Training strategy: the coarsest level is first optimized until 90% of matching errors fall below 1px, followed by end-to-end training of the full network. Input resolution: 800×608, batch size: 8, hardware: 4× RTX 4090.

Key Experimental Results¶

Main Results¶

Geometric model estimation (multi-dataset comparison):

Method	Params (M)	MegaDepth AUC@5°	ScanNet AUC@5°	Time (ms)	Memory (G)
RoMa	415	62.6	28.4	1557	14.8
DKM	72.3	60.4	26.5	953	13.1
LoFTR	11.5	52.8	16.9	296	6.97
ArgMatch	38.3	61.2	28.2	270	2.30
ArgMatch+	38.8	62.0	28.4	329	2.30

ArgMatch achieves accuracy comparable to RoMa using 1/11 of its parameters, 1/6 of its inference time, and 1/6 of its memory.

Dense matching accuracy (MegaDepth PCK):

Method	PCK@0.5px	PCK@1px	PCK@3px
DKM	56.2	79.8	94.4
RoMa	58.9	82.6	96.5
ArgMatch+	60.2	82.9	96.5

ArgMatch+ surpasses RoMa by 1.3% on PCK@0.5px, achieving state-of-the-art performance at the finest granularity.

Visual localization (InLoc):

Method	DUC1 (0.25m,2°)	DUC2 (0.25m,2°)
RoMa	54.5	56.5
ArgMatch+	58.6	58.8

ArgMatch+ surpasses RoMa on the InLoc visual localization benchmark, achieving state-of-the-art results.

Ablation Study¶

Component contributions (MegaDepth):

Configuration	AUC@5°	PCK@0.5px	Time (ms)	Params (M)
ConvR (baseline)	56.3	76.6	197	24.7
+U (upsampler)	58.0	79.0	222	27.2
+R+U (corrector+upsampler)	59.4	80.3	235	32.5
−ConvR+O+U	59.8	80.6	248	33.0
ArgMatch (O+R+U)	61.2	82.2	270	38.3
−ScaleS	60.7	81.7	269	38.2
−ContD	59.9	80.8	261	36.6
−Gate	60.1	81.4	270	38.3

Key findings: full integration of all three modules significantly outperforms any subset; content-aware decoding (ContD) contributes most; the gating strategy is critical for stable optimization.

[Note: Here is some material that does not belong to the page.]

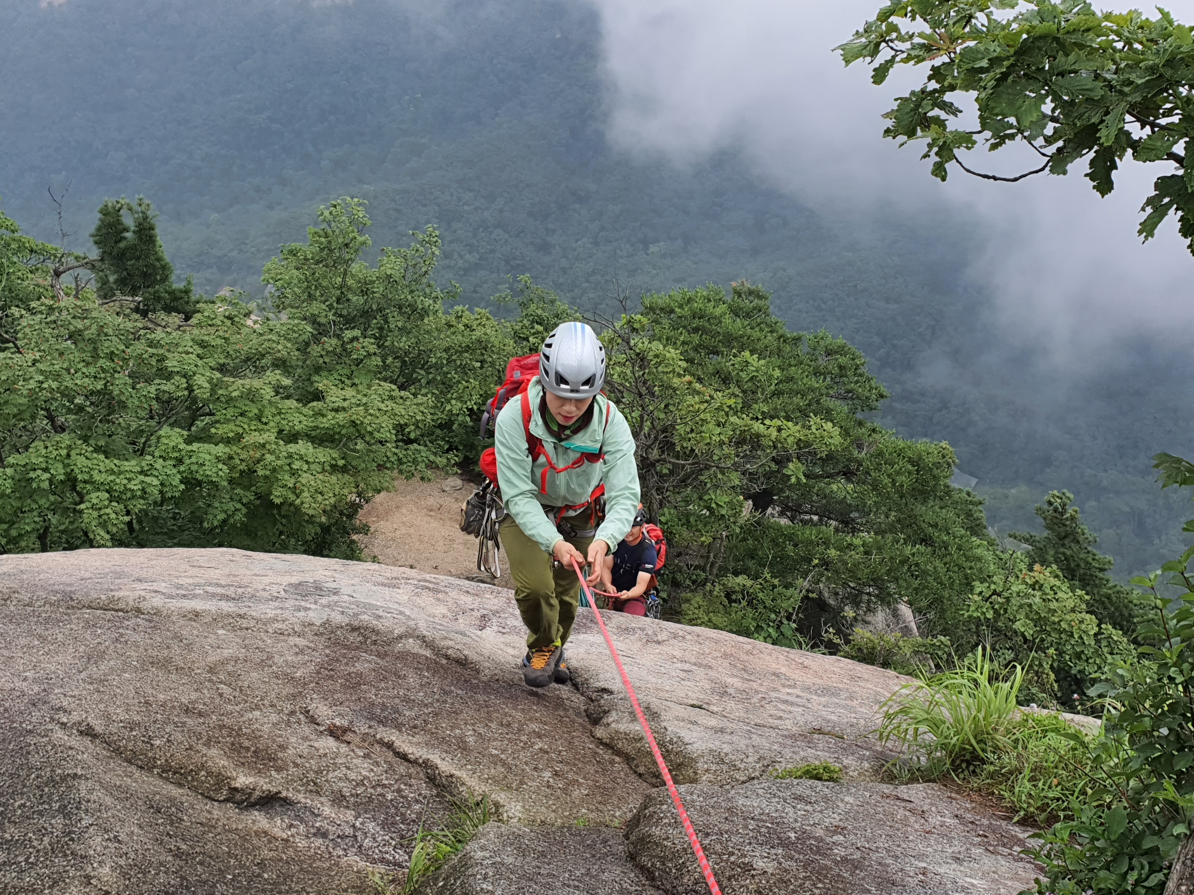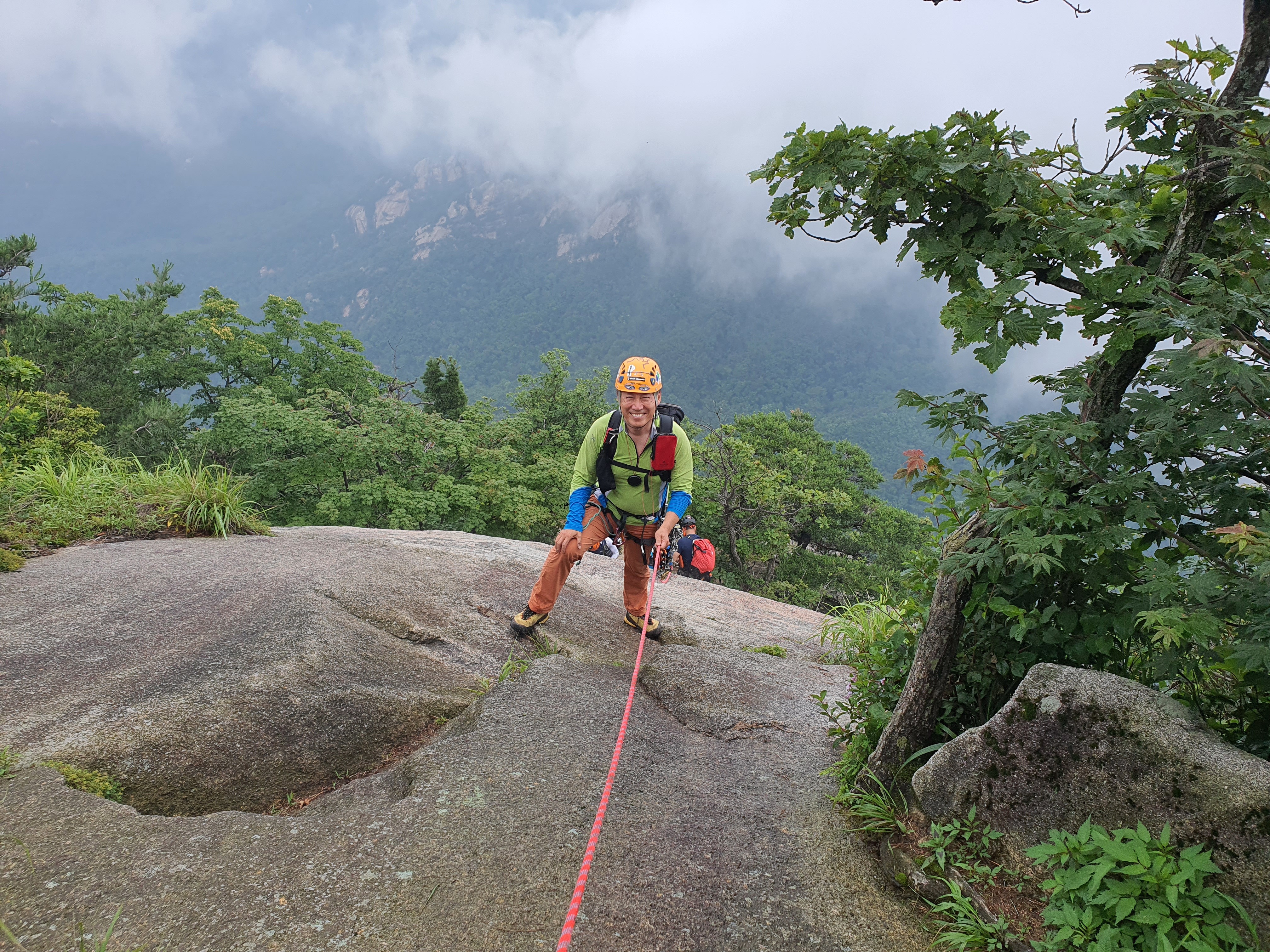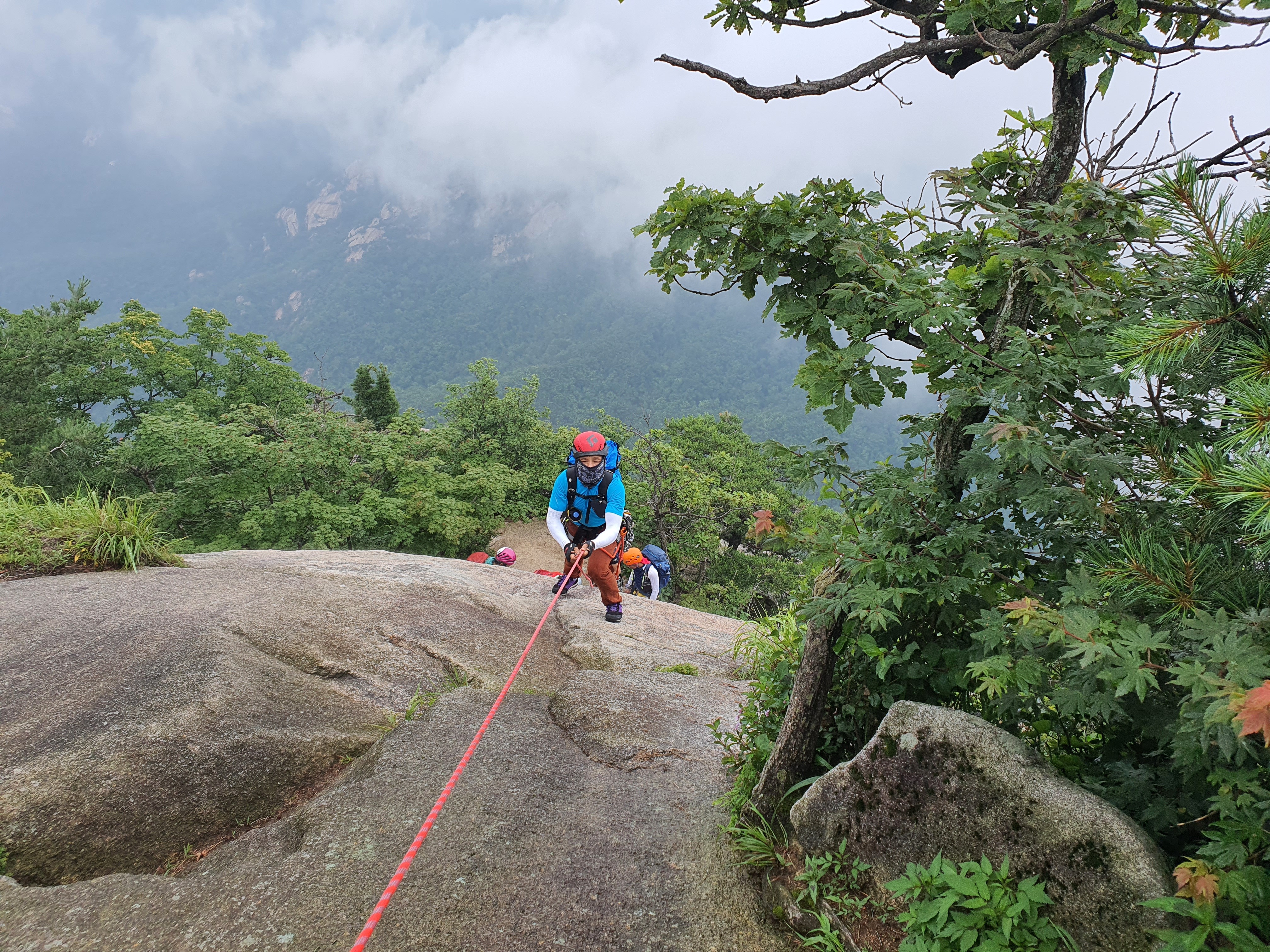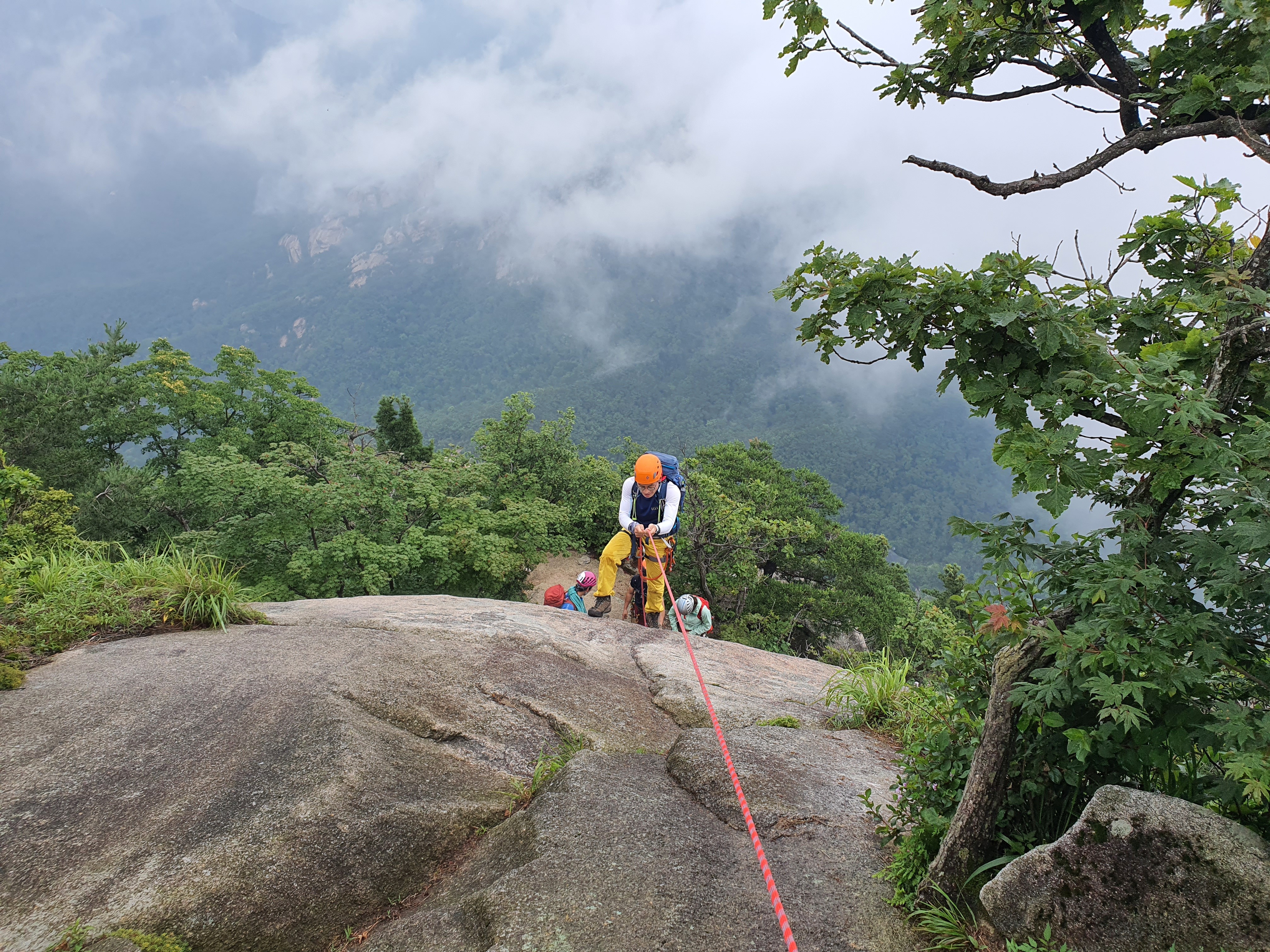 비에 젖은 참기름 바위는 얼마나 미끄러운지 사투끝에 밑에서 후배들이 발을 받쳐주어 겨우 내가 먼저 올랐다.

Gradient stopping comparison:

Configuration	AUC@5°	PCK@0.5px
ConvR	56.3	76.6
ConvR + detach	57.8	77.3
ArgMatch	61.2	82.2
ArgMatch + detach	60.4	81.6

Conventional pipelines require gradient detachment to stabilize training, whereas ArgMatch achieves superior end-to-end optimization through gating aggregation and local consistency; gradient detachment is in fact detrimental.

Key Findings¶

Underestimated potential of lightweight models: The key lies not in heavier feature extractors or global matchers, but in a more intelligent refinement pipeline.
Synergy among three modules: The full potential of each module is realized only when all three are jointly integrated within the pipeline.
Local content information is central: Modulating the correlation volume with local content is more effective than pursuing more discriminative features.
Dual role of local consistency: It not only corrects errors in the forward pass but also guides rational gradient allocation during backpropagation.

Highlights & Insights¶

Paradigm shift in refinement pipeline design: The focus shifts from "better initialization is required" to "better refinement reduces dependence on initialization," fundamentally reconceiving the core design philosophy of dense matching.
Fine-grained control of gradient propagation: Gating and local consistency jointly address the fundamental difficulty of gradient propagation in coarse-to-fine frameworks.
Efficiency–accuracy trade-off: Comparable accuracy is achieved at 1/6 the computational cost of RoMa, demonstrating the high efficiency of the proposed design.
Hallucination matching phenomenon: The paper honestly discusses the hallucination matching problem in occluded regions caused by local consistency regression.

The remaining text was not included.